* _Your task_
Below are the records; give again exactly the lines from the one containing "Artistic rendering of" through the one containing "災害対策や訓練の現場では、迅", leaving out pictures.

Start of Materials provided

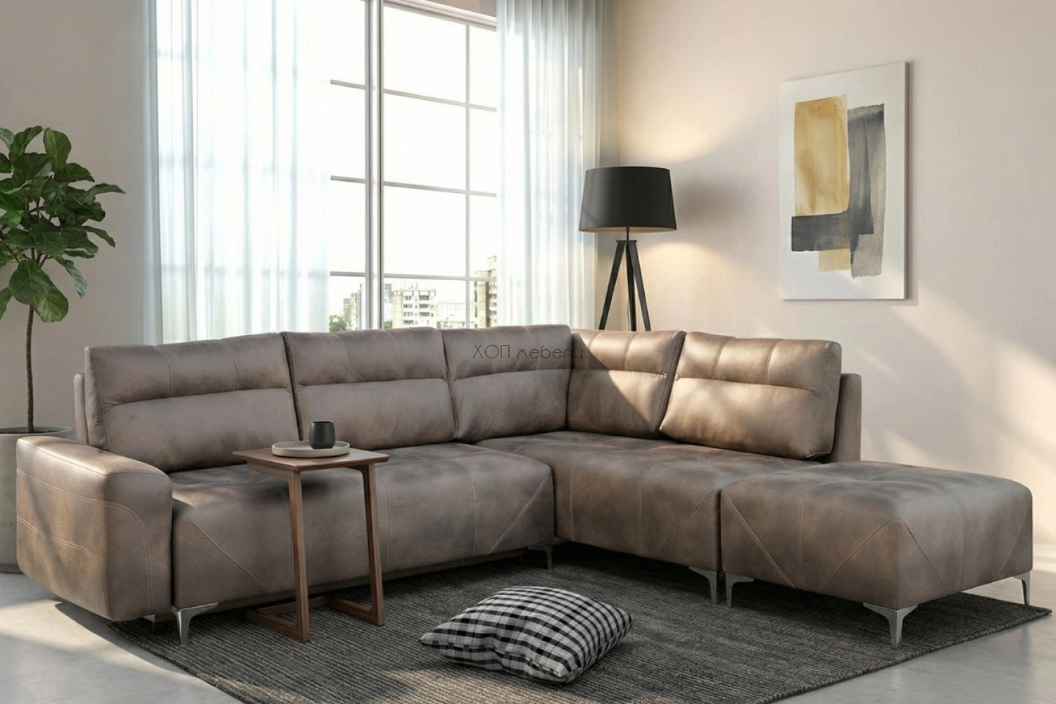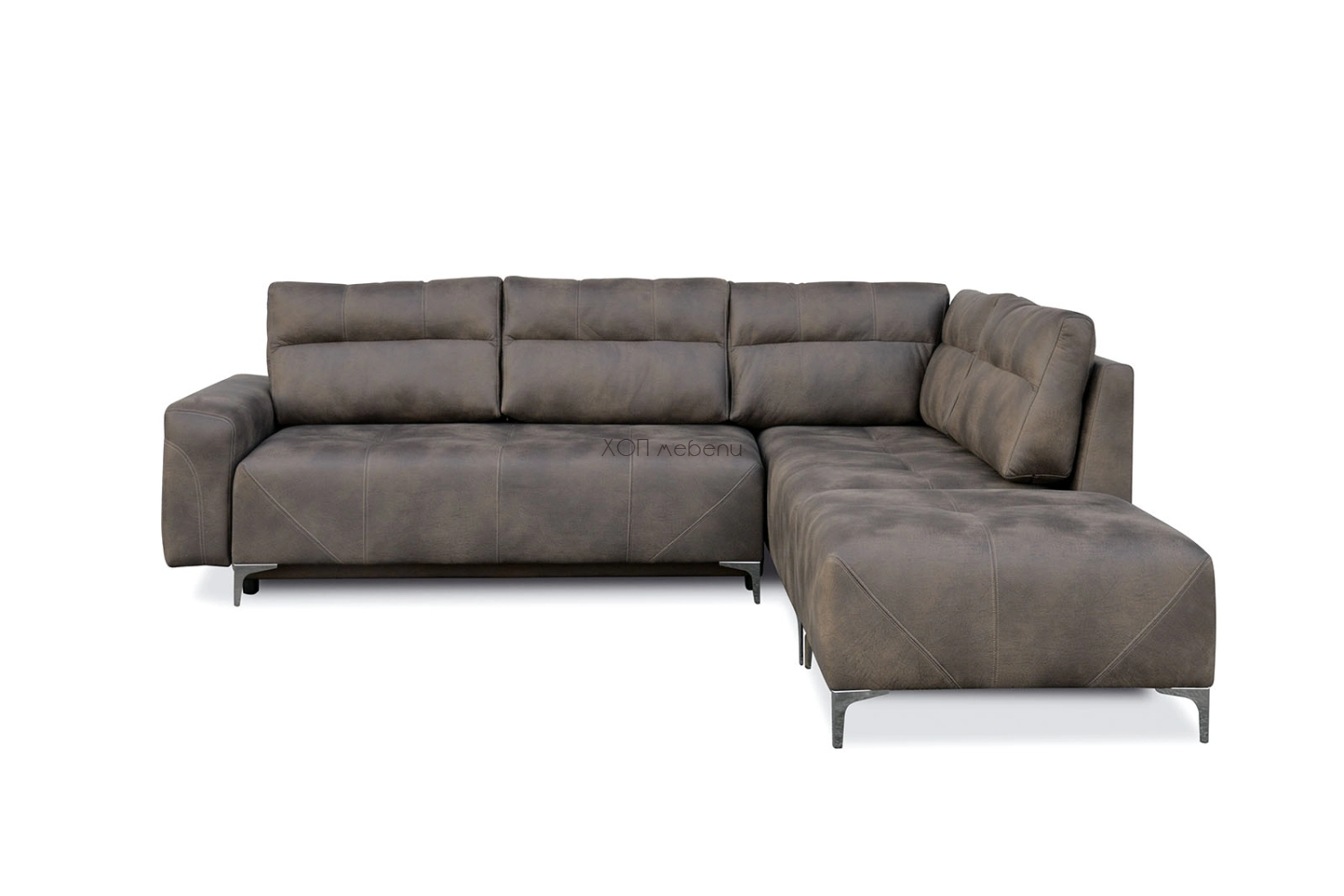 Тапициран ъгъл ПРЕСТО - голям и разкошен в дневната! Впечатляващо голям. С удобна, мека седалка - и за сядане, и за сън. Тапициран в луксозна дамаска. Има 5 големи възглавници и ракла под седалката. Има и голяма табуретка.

End of Materials provided
Start of Materials provided

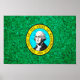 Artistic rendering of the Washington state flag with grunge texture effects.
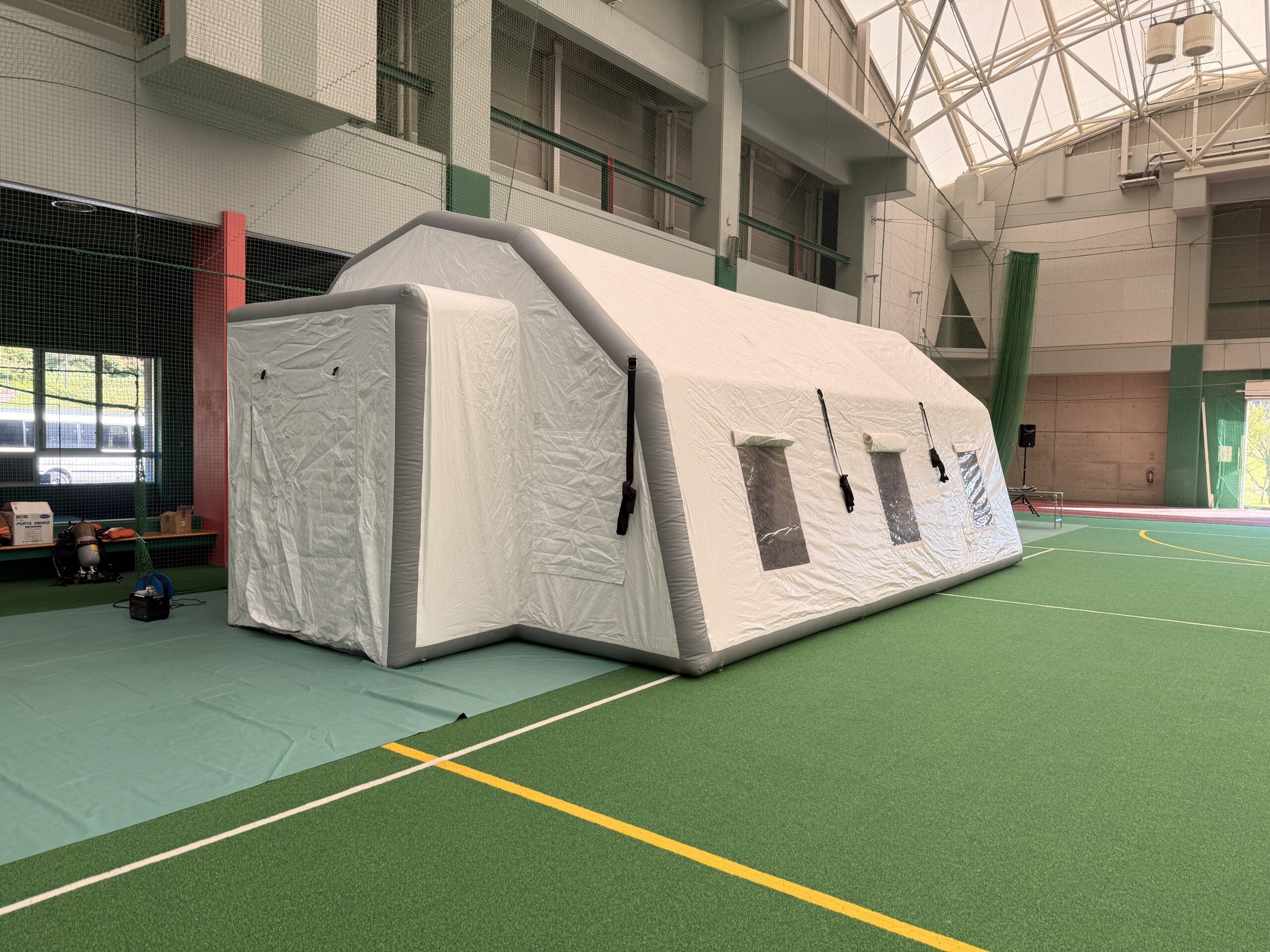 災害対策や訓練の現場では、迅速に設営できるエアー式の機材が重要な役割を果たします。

End of Materials provided

* _Answer to the problem_
 Artistic rendering of the Washington state flag with grunge texture effects.
 災害対策や訓練の現場では、迅速に設営できるエアー式の機材が重要な役割を果たします。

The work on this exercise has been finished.